## Problem details
When you reach the line with "Sunday Somewhere Denim" in the records below, begin transcribing exactly and continue up to and including the line with "Herb Seasoned Roasted", leaving out every picture.

## Working data
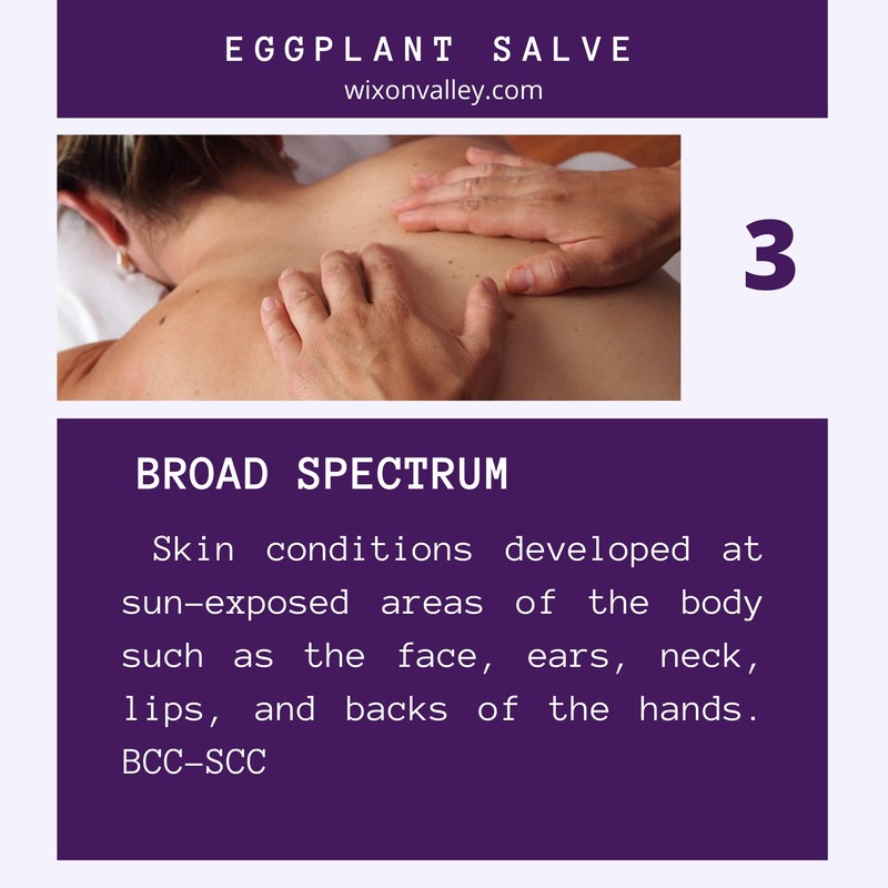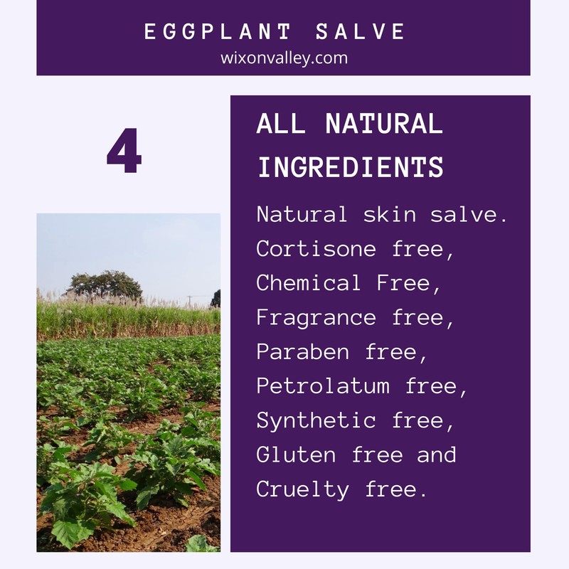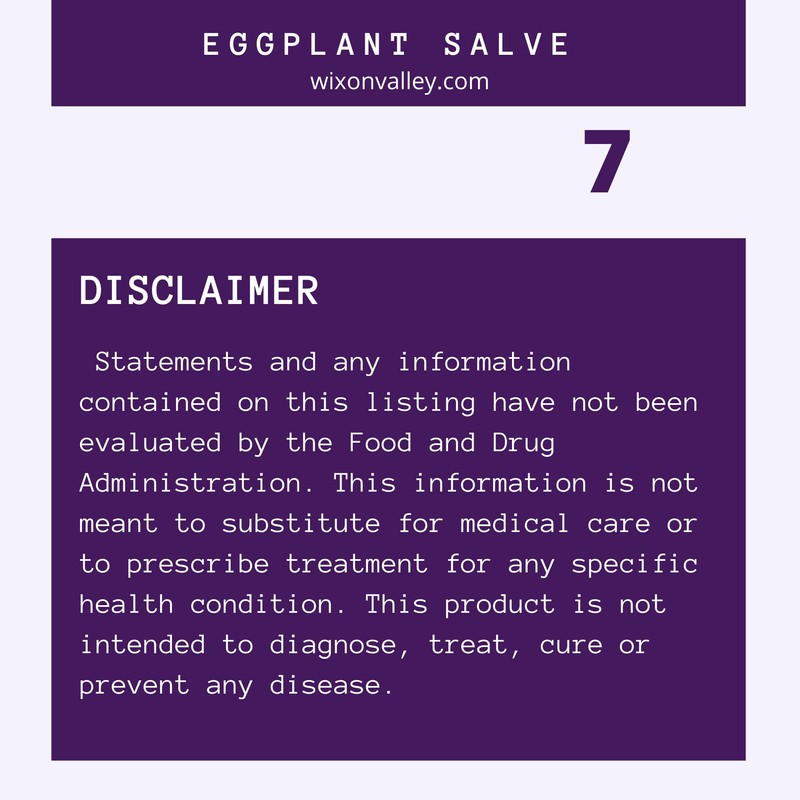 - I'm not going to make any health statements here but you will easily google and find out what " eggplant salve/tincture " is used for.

* * *

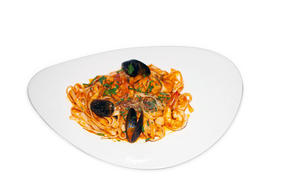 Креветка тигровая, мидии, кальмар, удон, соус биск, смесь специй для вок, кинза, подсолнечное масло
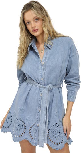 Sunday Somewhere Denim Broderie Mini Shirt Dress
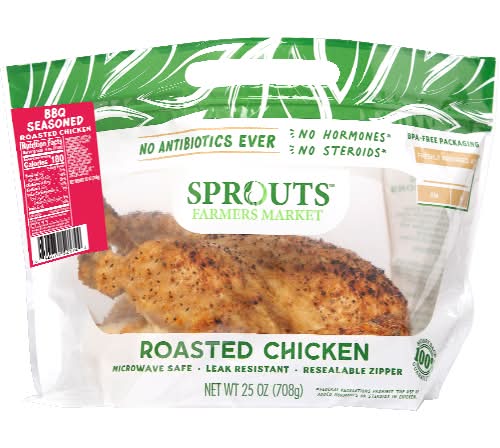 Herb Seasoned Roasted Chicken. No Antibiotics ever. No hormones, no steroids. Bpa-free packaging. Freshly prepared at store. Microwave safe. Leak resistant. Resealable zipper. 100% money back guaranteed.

## Expected output
 Sunday Somewhere Denim Broderie Mini Shirt Dress
 Herb Seasoned Roasted Chicken. No Antibiotics ever. No hormones, no steroids. Bpa-free packaging. Freshly prepared at store. Microwave safe. Leak resistant. Resealable zipper. 100% money back guaranteed.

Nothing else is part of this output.